- Directed by: Jane Gull
- Written by: Duncan Paveling
- Produced by: James Rumsey
- Starring: Steven Brandon; Shana Swash; Will Rastall; Pixie Le Knot; Eileen Pollock; Suzanna Hamilton;
- Cinematography: Susanne Salavati
- Edited by: Benjamin Gerstein
- Music by: Barrington Pheloung
- Production company: Rum Jam Films
- Distributed by: British Film Institute
- Release date: 2016;
- Country: United Kingdom
- Language: English

= My Feral Heart =

2016 film directed by Jane Gull

My Feral Heart is a 2016 British independent film written by Duncan Paveling and directed by Jane Gull. It charts the story of Luke, an independent young man with Down syndrome, forced in to a residential home following the death of his mother. Luke slowly builds relationships and goes on to demonstrate his abilities in a touching story.

==Plot==
In a reversal of the generally expected roles it is Luke, who has Down syndrome, that is the careperson for his elderly mother. When she dies social services remove Luke to Blossom House, a care home, where Luke struggles to adapt to the restrictive environment. The film explores the development of relationships between Luke; Eve, a carer at the home; and Pete, a hunt saboteur doing community service. The film goes on to develop Luke's relationship with a feral animal personified as a girl, bringing the four main characters together at the conclusion of the film.

== Cast ==
Steven Brandon acts the role of Luke, a young man with Down syndrome who turns from being an independent caregiver to his mother to being a dependent in the structured regime of a residential care home for special-needs people.
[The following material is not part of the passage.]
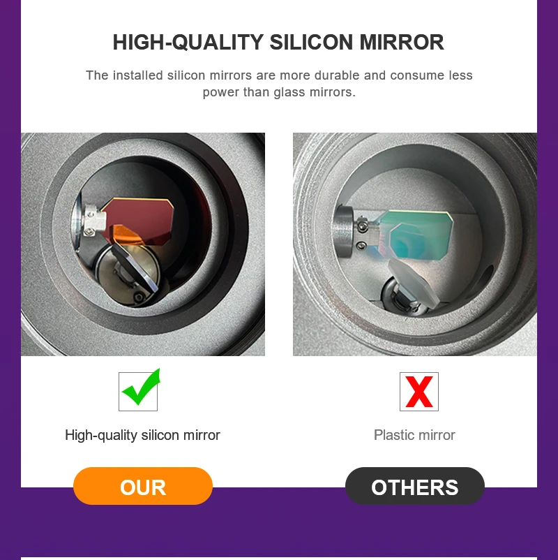 Мы выбираем знаменитые линзы с фокусным расстоянием “длина волны Сингапура”, чтобы обеспечить наилучшие материалы для покрытия линз, чтобы получить лучший результат гравировки. При использовании неизвестного бренда линзы не могут обеспечить лучшую гравировку

A member of the Mushroom Theatre Company it was 33-year old Brandon from Mersea debut film role and resulted in the award of best actor at the 2017 National Film Awards UK. On an episode of "Loose Women" on 23 November 2017 Brandon's father Mike said how after the birth he had been told Steven "would "not be able to do much", "not be able to amount to anything", "possibly not talk", ... "and look!".

The film contains three other major characters. Shana Swash plays Eve, a caregiver at the Blossom House residential home who slowly builds a relationship with Luke. Will Rastall is Pete, doing community service near Blossom House who befriends Luke and assists him to express his abilities. The fourth main character is contortionist Pixie Le Knot who as an anonymous girl personifies a trapped feral fox.

The complete cast runs into several dozen, including a group of disabled children who play the residents of the care home. At least two notable established actresses play roles: Eileen Pollock as Luke's mother Joan for a few scenes at the start of the film and Suzanna Hamilton does a single scene as Pete's mother.

==Production==
The film was shot in Essex. Music was composed by Barrington Pheloung.

==Release==
My Feral Heart made its UK premier at the 70th Edinburgh Film Festival. and European premier at the September 2016 Festival international du film sur le handicap (FIHH). The film was also available in screenings through the "Ourscreen" platform in UK, where an individual can hope to gather sufficient seats for a Cinema screening. The film was released on UK terrestrial television on 18 March 2021, timed to coincide with World Down Syndrome day on the 21 March 2021.

==Criticisms==
The film won two prizes at the FIHH including Prize for Best Fiction Feature (Prix du Meilleur Long Métrage Fiction).

The main protagonist Steven Brandon, who has Down syndrome, received many accolades for his performance. Mark Kermode in a review states the film is about "ability not disability", noting the film has begun to gather a cult status. Some reviews note dissatisfaction with the implausibility of the surreal abstraction of the feral animal.